VENDIAM TUDO O QUE ROUBAVAM
Perfumes, electrodomésticos, garrafas de vinhos e de uísque, peças e acessórios
de automóveis eram os alvos preferenciais do grupo de sete romenos que, em três
meses, fizeram 30 assaltos em Portugal. O material roubado, segundo a PJ, era
depois vendido no mercado negro. Além dos produtos, o grupo tentava sempre
levar dinheiro. No Ecomarché de Alenquer, os romenos chegaram mesmo a
carregar um cofre de 400 quilos, mas a chegada da GNR impediu que
consumassem o assalto. Os assaltantes fugiram a pé e deixaram as viaturas
furtadas no local. Viaturas que, tal como noutros locais, permitiram à PJ ligar uma
série de assaltos e seguir o rasto dos criminosos. As matrículas que usavam para
tentar despistar as autoridades permitiram detectar a sua presença noutros locais
do País. “Algumas são falsas, outras pertenciam a outros carros, também eles
furtados”, disse ao CM Carlos Farinha. Entre as matrículas apreendidas, algumas
são francesas.
OS MAIORES CRIMES
26 OUTUBRO
Um grupo de seis homens amarrou, ameaçou e agrediu com uma pistola, um
martelo e um pé-de-cabra o segurança de um ‘cash & carry’ em Óbidos para
assaltar as instalações. Os assaltantes usaram uma empilhadora para abrir um
buraco no edifício e levar tabaco e bebidas.
3 NOVEMBRO
Um segurança do Leiria Retail Park foi agredido com um pé-de-cabra por um grupo
constituído por sete assaltantes. Os ladrões estavam armados com um revólver e
caçadeiras de canos serrados e desmancharam a máquina do multibanco para
levar o dinheiro. Ainda levaram vários pares de sapatos.
29 NOVEMBRO
Um segurança de serviço ao entreposto de automóveis em Águas de Moura,
Palmela, foi assassinado de madrugada, na sequências de uma tentativa de
assalto às instalações. Um outro vigilante, também atingido a tiro, sobreviveu. A
tentativa de assalto foi captada pela videovigilância da loja.
1 DEZEMBRO
O guarda-nocturno de um armazém de frutas em Arranhó, Arruda dos Vinhos, foi
espancado até à morte por ter surpreendido em flagrante um grupo de
assaltantes. Após a agressão, os ladrões puseram-se em fuga e acabaram por não
roubar nada.
1 DEZEMBRO
Quatro homens encapuzados assaltaram o supermercado Recheio em Loures.

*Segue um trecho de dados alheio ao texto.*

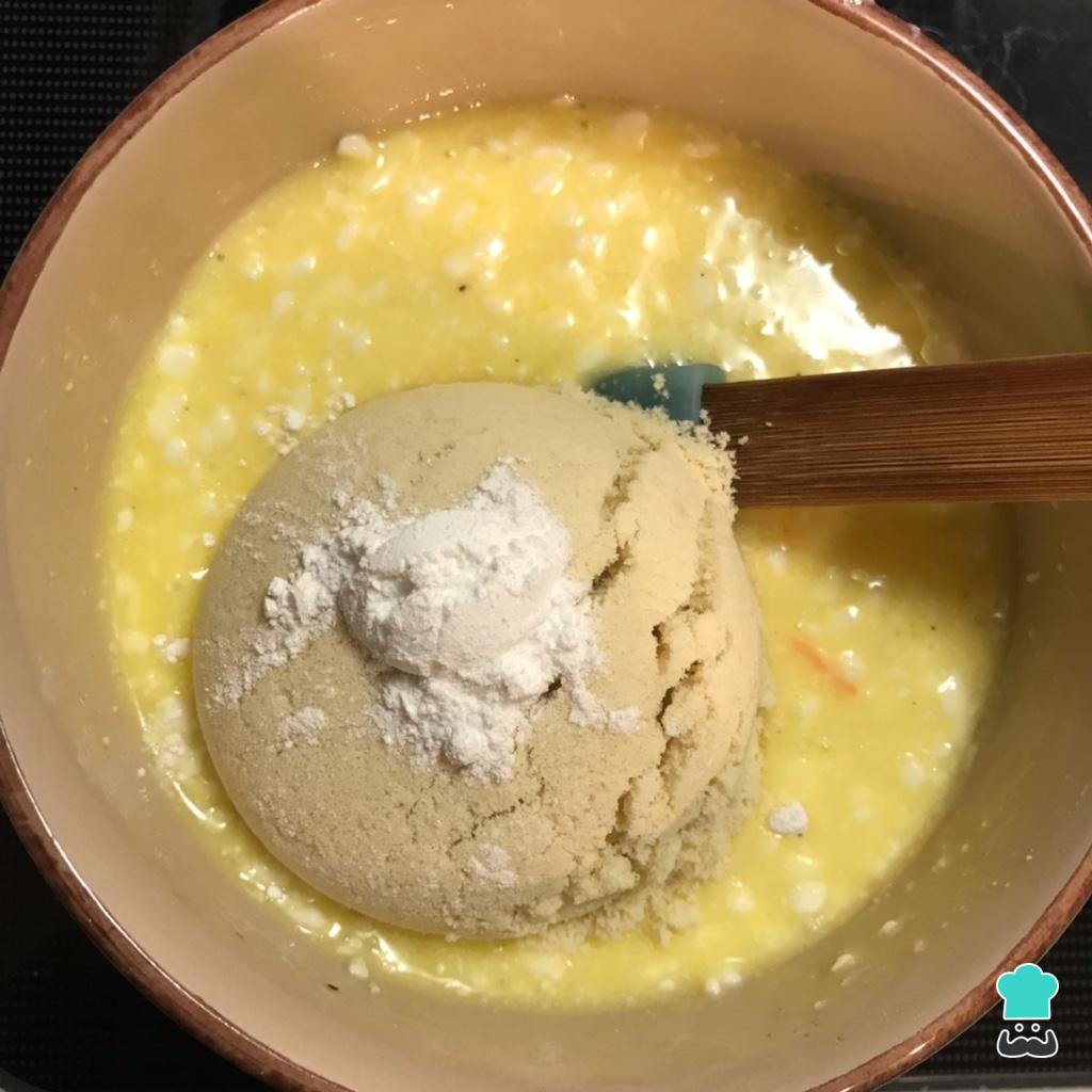 Junte a fécula de batata, a farinha de amêndoas e o fermento em pó químico. Mexa bem.

Chegaram às 18h40, encostaram uma caçadeira de canos serrados à cabeça do
vigilante e levaram-no, mais um funcionário, até ao local onde estavam os sacos
com dinheiro. No hipermercado só estavam vigilantes e funcionárias da limpeza.
12 DEZEMBRO
Uma patrulha da GNR surpreendeu um grupo de assaltantes que já tinha
carregado para uma carrinha furtada um cofre com 17 mil euros e mais de 15 mil
euros em material electrónico e de higiene pessoal, no Intermarché da Abrigada,
em Alenquer.
AS QUADRILHAS MAFIOSAS QUE VÊM DO LESTE EUROPEU
O moldavo Ghennadie Gheorgue Flocea, conhecido por ‘Borman’, está a cumprir
uma pena de 18 anos por crimes associados à máfia de Leste. Dos 21 condenados
no julgamento da chamada rede ‘Borman’, apenas três estão ainda a cumprir
pena.
Em Maio de 2002 sentaram-se no banco dos réus do Tribunal de Monsanto 25
homens, originários da Moldávia e da Ucrânia, acusados de angariação de mão-deobra ilegal, associação criminosa e terrorismo. Na altura, 21 elementos da rede
foram condenados.
Em Abril de 2003, por recurso dos advogados de defesa, o julgamento do ano
anterior foi anulado pelo Tribunal da Relação de Lisboa, pelo facto de um dos
juízes ter participado na instrução deste processo, decretando e mantendo a prisão
preventiva de alguns arguidos. O Ministério Público recorreu daquela decisão junto
do Tribunal Constitucional, que determinou não ter havido inconstitucionalidade na
decisão do Tribunal de Monsanto, pelo que os arguidos cumpriram as penas
decretadas em 2002.
GRUPO UCRANIANO NA CADEIA
Em Julho de 2003, os membros do ‘Grupo Ternapol’, constituído por 25
ucranianos, foram condenados a penas de prisão que variaram entre os dois e os
15 anos pelo Tribunal de Monsanto, em Lisboa, pelos crimes de associação
criminosa, rapto, extorsão, furto, roubo, posse de arma ilegal e auxílio à mão-deobra e à imigração ilegais. Os elementos desta rede angariavam os trabalhadores
na Ucrânia, aos quais, uma vez chegados a Portugal, retiravam os passaportes
para ficarem sem capacidade de movimento. Depois iam recebendo uma
percentagem dos seus salários, muitas vezes sacada com o emprego de violência.